For more details on the optimization objective functions, see the AutoML Tables documentation.
Arguments
string_value is one of: MAXIMIZE_AU_ROC, MINIMIZE_LOG_LOSS, MAXIMIZE_AU_PRC, MINIMIZE_RMSE, MINIMIZE_MAE, or MINIMIZE_RMSLE.
INPUT_LABEL_COLS
Syntax
INPUT_LABEL_COLS = string_array
Description
The label column name in the training data. Defaults to 'label'.
Arguments
string_array is an ARRAY
of STRING
s. The AutoML Tables model
types only support string_array values that contain one element.
DATA_SPLIT_COL
Syntax
DATA_SPLIT_COL = string_value
Description
The split column name in the training data. Defaults to automatic splitting.
Arguments
string_value is one of the columns in the training data and should be
either a timestamp or string column. This column will be passed directly to
AutoML Tables. In a string column, you specify rows to be used for training,
validation, and testing using the TRAIN
, VALIDATE
, TEST
, and UNASSIGNED
values. For more information about how to use these values, see
the AutoML Tables data split column.
Timestamps will be treated as an AutoML Tables Time Column.
Supported inputs
The CREATE MODEL
statement supports the following data types for input label
and data split columns.
Supported data types for input label columns
BigQuery ML supports different Standard SQL data types depending on the
model type. Supported data types for input_label_cols
include:
Model type |
Supported label types |
---|---|
automl_regressor |
INT64 NUMERIC BIGNUMERIC (Preview) FLOAT64 |
automl_classifier |
Any groupable data type |
Supported data types for other columns
For columns other than the label column, any groupable data type is supported. The BigQuery column type will be used to determine the feature column type in AutoML Tables.
BigQuery type |
AutoML type |
---|---|
INT64 NUMERIC BIGNUMERIC (Preview) FLOAT64 |
NUMERIC
or TIMESTAMP
if AutoML Tables determines that it is a unix timestamp |
BOOL |
CATEGORICAL |
STRING BYTES |
Either CATEGORICAL
or TEXT ,
auto-selected by AutoML Tables. |
TIMESTAMP DATETIME TIME DATE |
Either TIMESTAMP ,
CATEGORICAL ,
or TEXT ,
auto-selected by AutoML Tables. |
To force a numeric column to be treated as categorical, CAST it to a BigQuery string. Arrays of supported types are allowed and will remain arrays during AutoML Tables training.
Limitations
CREATE MODEL
statements for AutoML Tables models must comply with the
following rules:
- The input data to AutoML Tables must be between 1000 and 100 million rows, and less than 100 GB.

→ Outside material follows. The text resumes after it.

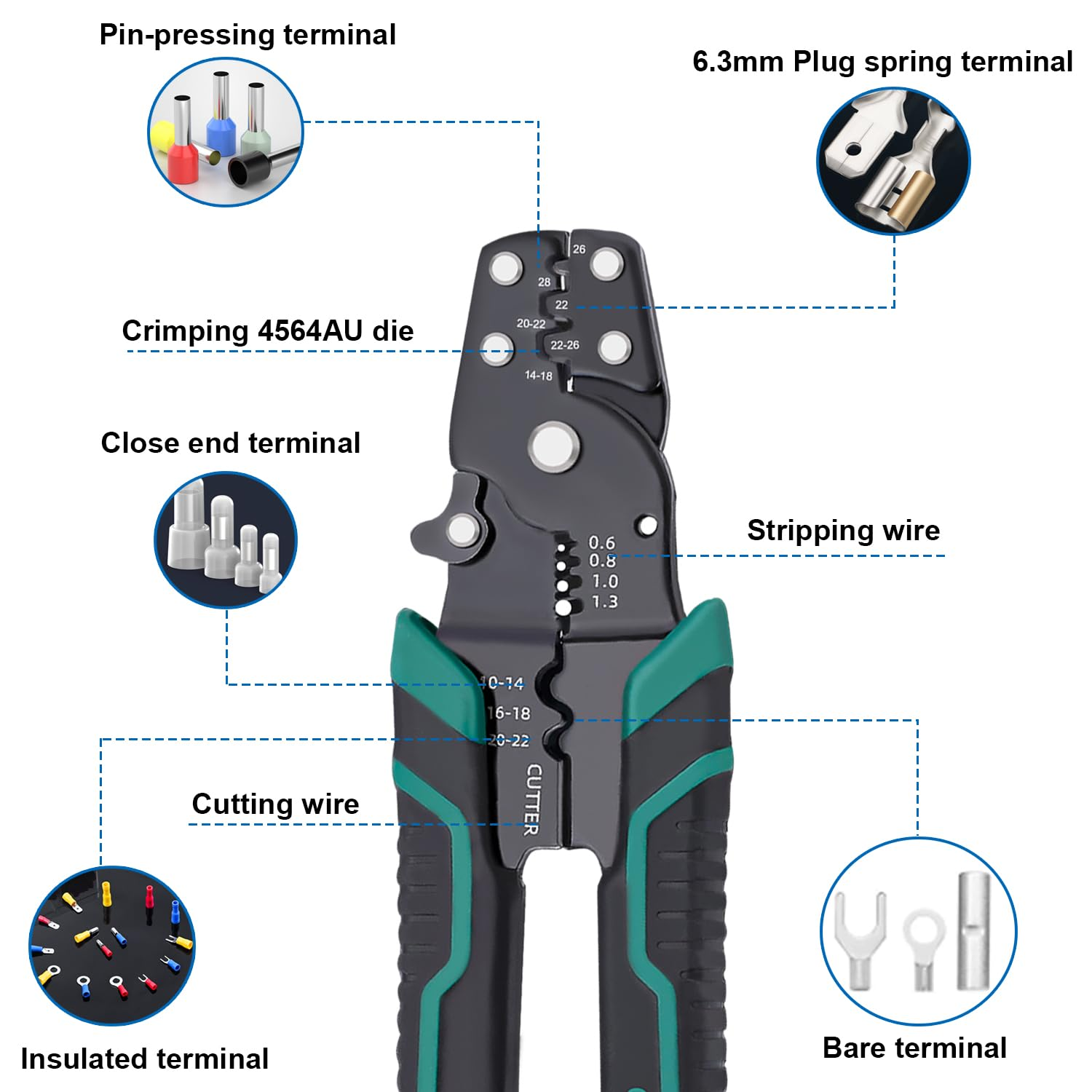 Say goodbye to the struggle of multiple tools - this multifunctional stripping crim does it all! Strip, crimp, and cut wires effortlessly with just one tool Versatile and efficient - handles wire crimping tasks with ease. Works with a range of wire gauges from 22 to 10AWG. Whether you're working with insulated or non-insulated connectors, this tool has got you covered Built to last - crafted from corrosion-resistant CRV steel, this tool is sturdy and enduring. The thick forging and precision polishing ensure a long lifespan. Plus, the non-slip handle and ergonomic design make it comfortable to use for extended periods From wire caps, butt/bullet/ring/fork/spade terminals, it can handle them all. Just remember to match the connector type with the corresponding crimping specifications Easy peasy wire stripping - the automatic opening blade makes wire stripping a breeze. No more struggling with manual adjustments. Simply grab this tool, and get your wire-stripping tasks done in a snap Product Description Used for insulated/Bare/Heat Shrink connectors Wire crimper,stripper and cutter Electrical crimping tool Wire crimping tool combines the functions of wire stripping, cutting, and crimping into one convenient tool, making your electrical projects a breeze Insulated terminals crimping(22-14AWG/0.25-2.5mm²) Bare terminal crimping(28-14AWG/0.25-2.5²) Stripping wires range is 0.6/0.8/1.0/1.3mm² Cutter wires range is 0.6-3.2mm² The video showcases the product in use. The video guides you through product setup. The video compares multiple products. The video shows the product being unpacked. Electrical wire connectors Add to Cart Add to Cart Add to Cart Customer Reviews 4.4 out of 5 stars 21 4.6 out of 5 stars 32 5.0 out of 5 stars 6 5.0 out of 5 stars 2 Price $9.88 $ 9 . 88 $5.99 $ 5 . 99 $17.99 $ 17 . 99 — Insulation Material PVC PVC PVC PVC Color Orange Multicolored Multicolored Multicolored Contact Material / Copper Copper Copper Package 1Pack 300pcs 201pcs 81pcs Connector Type / Spade Fork Spade Electrical wire connectors Add to Cart Add to Cart Add to Cart Add to Cart Customer Reviews 4.5 out of 5 stars 144 4.4 out of 5 stars 394 4.4 out of 5 stars 254 4.6 out of 5 stars 710 Price $15.99 $ 15 . 99 $9.99 $ 9 . 99 $8.99 $ 8 . 99 $8.99 $ 8 . 99 Insulation Material / PVC PVC Nylon Color / Multicolored Multicolored Multicolored Contact Material Copper Copper Copper Copper Package 80pcs 160pcs 200pcs 100pcs Connector Type Butt Bullet Ring Spade
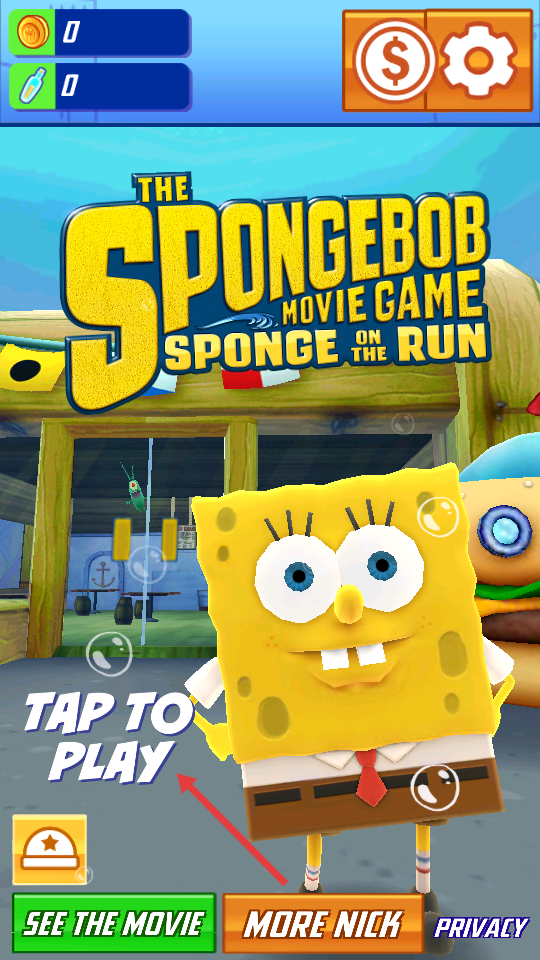 这一次的跑酷新作是根据海绵宝宝的电影版《海绵宝宝:离开了水的海绵宝宝》改编而成的,在游戏中玩家将扮演我们的主角海绵宝宝,

- AXT and CMEK are currently not supported.
- The models are not visible in the AutoML Tables UI, and not available for batch or online predictions in AutoML Tables.
CREATE MODEL
examples
The following example creates models named mymodel
in mydataset
in your
default project. It uses the public 'nyc-tlc.yellow.trips' taxi trip data
available in BigQuery. The job takes approximately 3 hours to complete,
including training, model compression, temporary data movement (to AutoML), and
setup tasks.
Create the model
CREATE OR REPLACE MODEL project_id.mydataset.mymodel
OPTIONS(model_type='AUTOML_REGRESSOR',
input_label_cols=['fare_amount'],
budget_hours=1.0)
AS SELECT
(tolls_amount + fare_amount) AS fare_amount,
pickup_longitude,
pickup_latitude,
dropoff_longitude,
dropoff_latitude,
passenger_count
FROM `nyc-tlc.yellow.trips`
WHERE ABS(MOD(FARM_FINGERPRINT(CAST(pickup_datetime AS STRING)), 100000)) = 1
AND
trip_distance > 0
AND fare_amount >= 2.5 AND fare_amount <= 100.0
AND pickup_longitude > -78
AND pickup_longitude < -70
AND dropoff_longitude > -78
AND dropoff_longitude < -70
AND pickup_latitude > 37
AND pickup_latitude < 45
AND dropoff_latitude > 37
AND dropoff_latitude < 45
AND passenger_count > 0
Run predictions
SELECT * FROM ML.PREDICT(MODEL project_id.mydataset.mymodel, (
SELECT * FROM `nyc-tlc.yellow.trips` LIMIT 100))
Supported regions
Training AutoML Tables models is not supported in all BigQuery ML regions. For a complete list of supported regions and multi-regions, see the Locations page.